И грохот повсюду, копыта, и вдруг такой силы удар, что лопнула преграда между ним и всем материальным внешним миром, все оказалось одинаково податливым, нестойким, проводимым и даже как бы одинаково живым: и кирпичная кладка, и бетон под его животом, и все органы в нем, мясо-кости.
Не помня, ни где он, ни даже как будто бы кто он, сорвался за топотом множества, увидел в мерклом свете коридора затылки, спины, плечи, армейские ботинки выбегающих… и в тот же миг ударило еще раз, и все вещественное, из чего был спаян мир, вобрало в себя этот звук и, пропустив его до самых мускулов, костей, необъяснимо, неправдиво устояло… Вслед за всеми — наружу, на раздавшийся розово-желтый трепещущий свет, — не чуя ног, не чуя даже страха, одно только протяжное удушье, потребность вырваться на волю, убежать из-под этой огромной шелестящей, скрежещущей кровли, что рывок за рывком опускалась по всей ширине и длине, чтоб, разбухнув от тяжести, хлопнуть, как мухобойка.
Лава-улица словно всосала Вадима и пятнистых людишек в себя, воздух хлынул навстречу и застрял в самом горле, груди… впереди что-то вспыхнуло, сзади ударило, и, почуяв чудовищное облегчение, он упал на лицо.

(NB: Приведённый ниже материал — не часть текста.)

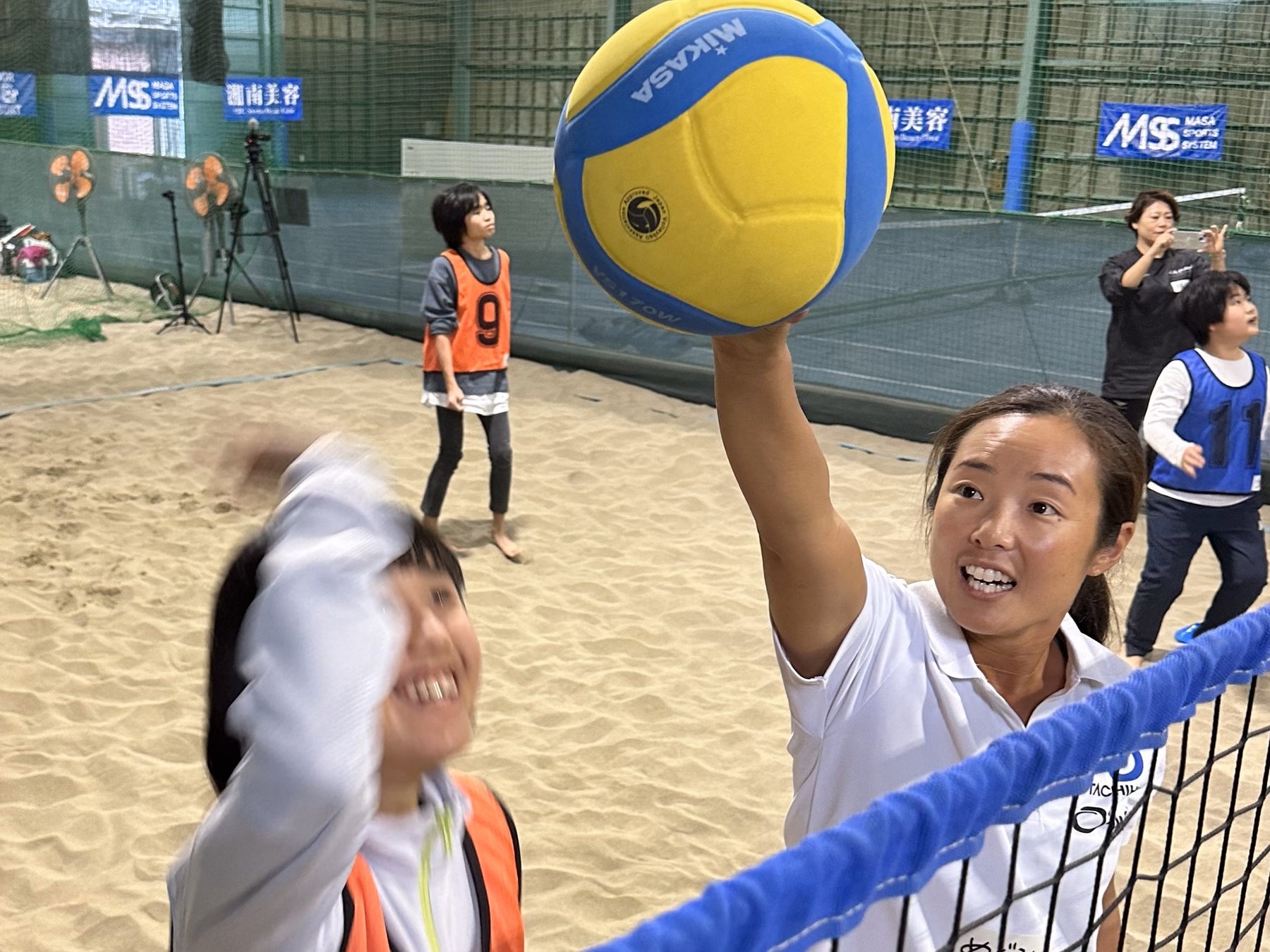 「最初はなかなかうまくできなかったことが、取り組むとすぐに吸収し成長してるのを見てびっくりしました。子供達がすごく楽しそうにボールを追いかけたり砂の上を走ったり飛び込んだりしてる姿がとてもかっこよかったです。ビーチバレーも子供も大好きなので、教えるとかはできませんが、私が単純に楽しかったです。笑」

Но в тот же миг сама земля пружинисто подбросила его, слишком тряская, слишком живая, чтобы к ней прирасти. Вколотив в себя воздух, рванул, различая сквозь облако пыли людей — продолжавших бежать и встававших, подпиравших, тянувших друг друга, скакавших на одной ноге, как кенгуру… И тут запалило с такой частотой, что свет не успевал померкнуть в его продолжающих видеть глазах.

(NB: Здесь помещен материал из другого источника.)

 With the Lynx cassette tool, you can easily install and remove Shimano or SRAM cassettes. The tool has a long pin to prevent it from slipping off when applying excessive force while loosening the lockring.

Изотовка раскалывалась, трескалась, дрожала, порастала косматыми угольно-красными взрывами, вихревыми деревьями, ртутными всплесками. Бежал, бежал, бежал, не успевая с каждым взрывом поражаться, что живой. Рвалось по обе стороны дороги, и ударные волны выметывали на асфальт горячие осколки кирпичей и штукатурки, клочья кровельной жести, щепу, косо срезанные ветки яблонь и кипящую черную землю с корешками цветов и травы, стегали твердым крошевом по шее, по лицу…

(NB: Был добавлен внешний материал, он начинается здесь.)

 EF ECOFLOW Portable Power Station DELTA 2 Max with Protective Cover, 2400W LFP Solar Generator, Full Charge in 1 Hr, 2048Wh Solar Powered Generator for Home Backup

Невидимый снаряд с сопением и шелестом просверливал пространство и с хрустом разламывался как будто в самом Мизгиреве. Нарастающий шелест, разрыв и удар. Нарастающий шелест и удар мягкой тяжестью сзади — кто-то сильный свалил его с ног и, отбив требуху, придавил, и вот в это мгновение сшибки с асфальтом лопнул как бы огромный, накрывший их колокол, до предела раздутый чугунный пузырь… словно бешеным проливнем охлестнуло обоих, а верней, придавившего Мизгирева бойца, и не успела в нем, придавленном, плеснуться благодарность, как лежащий на нем человек ворохнулся, вскочил, рванул его за ворот, вонзая в уши лающий, срывающийся крик, нечеловеческий и ясный, как первобытный зов сородича: «Бежим!»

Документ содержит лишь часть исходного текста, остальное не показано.